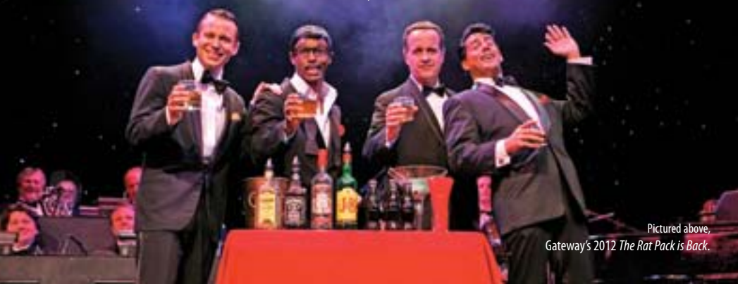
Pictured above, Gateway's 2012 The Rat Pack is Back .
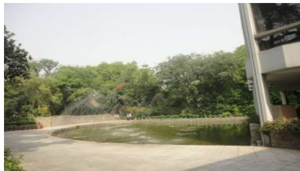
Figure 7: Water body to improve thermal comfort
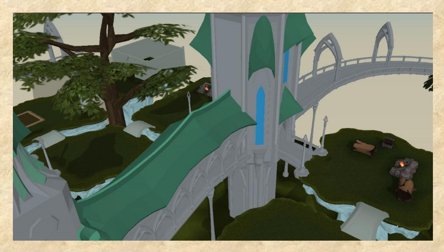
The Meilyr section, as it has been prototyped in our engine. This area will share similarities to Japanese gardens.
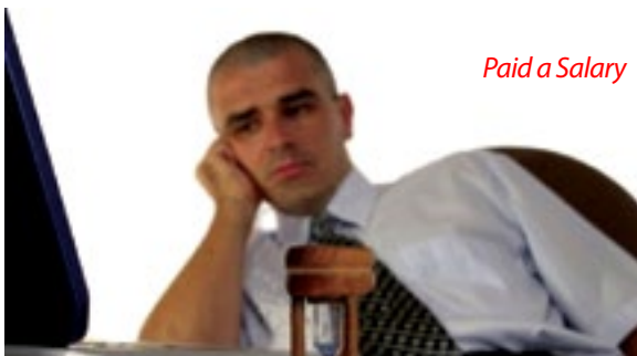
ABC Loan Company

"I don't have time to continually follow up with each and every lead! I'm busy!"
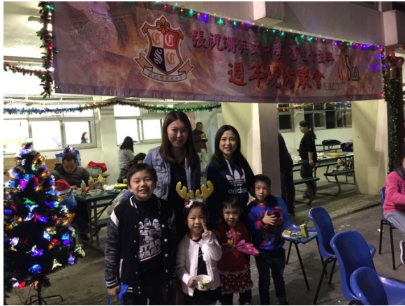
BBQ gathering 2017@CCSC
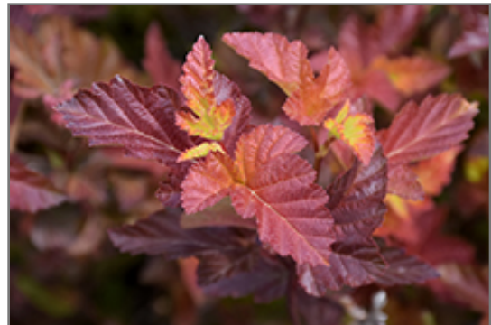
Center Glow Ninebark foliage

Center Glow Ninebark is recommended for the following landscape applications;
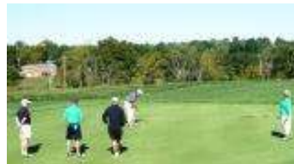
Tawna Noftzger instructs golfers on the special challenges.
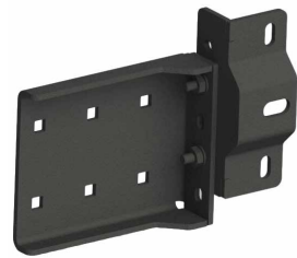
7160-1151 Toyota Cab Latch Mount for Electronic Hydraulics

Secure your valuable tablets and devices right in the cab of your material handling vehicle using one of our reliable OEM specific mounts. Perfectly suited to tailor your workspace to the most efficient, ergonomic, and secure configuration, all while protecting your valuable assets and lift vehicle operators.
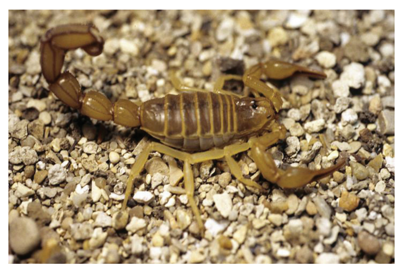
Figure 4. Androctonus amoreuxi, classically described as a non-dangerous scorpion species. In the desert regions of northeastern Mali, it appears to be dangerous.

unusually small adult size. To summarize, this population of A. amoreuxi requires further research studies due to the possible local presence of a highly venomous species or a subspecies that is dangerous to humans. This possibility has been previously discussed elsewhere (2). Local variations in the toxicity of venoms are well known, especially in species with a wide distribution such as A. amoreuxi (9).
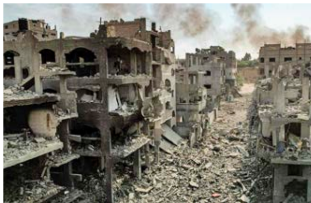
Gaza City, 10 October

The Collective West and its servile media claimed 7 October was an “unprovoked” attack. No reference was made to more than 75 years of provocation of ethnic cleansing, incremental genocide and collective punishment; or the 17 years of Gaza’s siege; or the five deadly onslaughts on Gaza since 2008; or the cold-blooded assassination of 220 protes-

____________

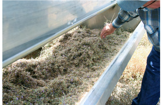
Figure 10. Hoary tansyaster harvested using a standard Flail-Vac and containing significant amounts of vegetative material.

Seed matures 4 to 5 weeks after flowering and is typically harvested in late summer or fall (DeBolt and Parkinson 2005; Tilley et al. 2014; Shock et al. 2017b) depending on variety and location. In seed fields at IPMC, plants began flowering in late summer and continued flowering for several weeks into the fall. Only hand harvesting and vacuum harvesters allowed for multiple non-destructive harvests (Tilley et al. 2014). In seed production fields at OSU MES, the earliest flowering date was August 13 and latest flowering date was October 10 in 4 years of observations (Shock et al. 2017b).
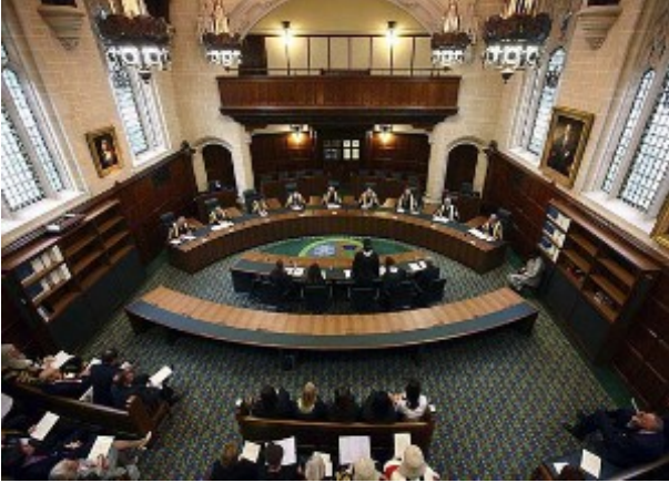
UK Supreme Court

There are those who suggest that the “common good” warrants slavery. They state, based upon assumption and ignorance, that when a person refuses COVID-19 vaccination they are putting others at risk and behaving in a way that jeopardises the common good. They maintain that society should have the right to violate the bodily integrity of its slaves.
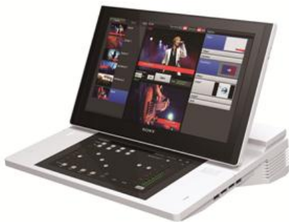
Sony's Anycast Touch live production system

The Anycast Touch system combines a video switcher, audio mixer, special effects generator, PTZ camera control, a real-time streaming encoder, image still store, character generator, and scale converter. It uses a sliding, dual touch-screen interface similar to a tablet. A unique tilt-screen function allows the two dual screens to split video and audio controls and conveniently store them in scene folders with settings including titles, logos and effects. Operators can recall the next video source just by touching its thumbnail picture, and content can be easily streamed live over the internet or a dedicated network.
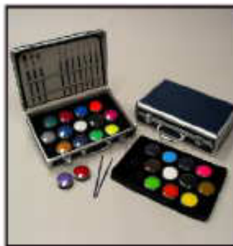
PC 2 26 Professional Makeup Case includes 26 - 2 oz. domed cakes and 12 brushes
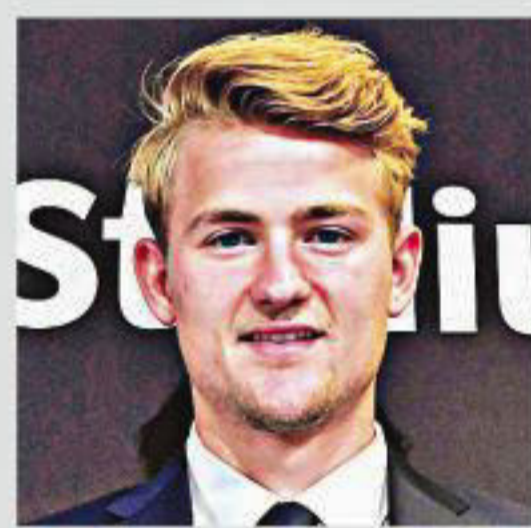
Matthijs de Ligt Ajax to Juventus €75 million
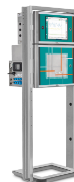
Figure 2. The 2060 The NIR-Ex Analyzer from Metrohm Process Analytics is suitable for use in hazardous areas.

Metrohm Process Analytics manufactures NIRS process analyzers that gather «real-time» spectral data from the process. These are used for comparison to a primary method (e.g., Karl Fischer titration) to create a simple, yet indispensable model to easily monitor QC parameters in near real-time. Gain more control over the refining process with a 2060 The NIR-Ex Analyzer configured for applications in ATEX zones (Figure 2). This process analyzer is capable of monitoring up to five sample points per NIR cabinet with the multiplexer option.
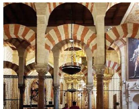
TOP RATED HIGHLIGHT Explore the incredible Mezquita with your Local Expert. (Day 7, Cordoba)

____________

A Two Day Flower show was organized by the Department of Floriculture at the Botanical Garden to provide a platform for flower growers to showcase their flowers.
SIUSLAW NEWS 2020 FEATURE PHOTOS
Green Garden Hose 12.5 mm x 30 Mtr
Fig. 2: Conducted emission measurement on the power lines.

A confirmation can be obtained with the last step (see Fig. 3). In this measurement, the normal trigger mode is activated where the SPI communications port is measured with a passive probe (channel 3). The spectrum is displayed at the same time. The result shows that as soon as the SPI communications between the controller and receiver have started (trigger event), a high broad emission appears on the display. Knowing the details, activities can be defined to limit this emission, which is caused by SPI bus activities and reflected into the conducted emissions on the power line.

____________

▸ Assigned task:
Copy the listing above exactly, but only from the line with "Center Glow Ninebark foliage" through the line with "Figure 4. Androctonus", including those two lines and excluding any picture.

▸ Answer to this problem:
Center Glow Ninebark foliage

Center Glow Ninebark is recommended for the following landscape applications;
Tawna Noftzger instructs golfers on the special challenges.
7160-1151 Toyota Cab Latch Mount for Electronic Hydraulics

Secure your valuable tablets and devices right in the cab of your material handling vehicle using one of our reliable OEM specific mounts. Perfectly suited to tailor your workspace to the most efficient, ergonomic, and secure configuration, all while protecting your valuable assets and lift vehicle operators.
Figure 4. Androctonus amoreuxi, classically described as a non-dangerous scorpion species. In the desert regions of northeastern Mali, it appears to be dangerous.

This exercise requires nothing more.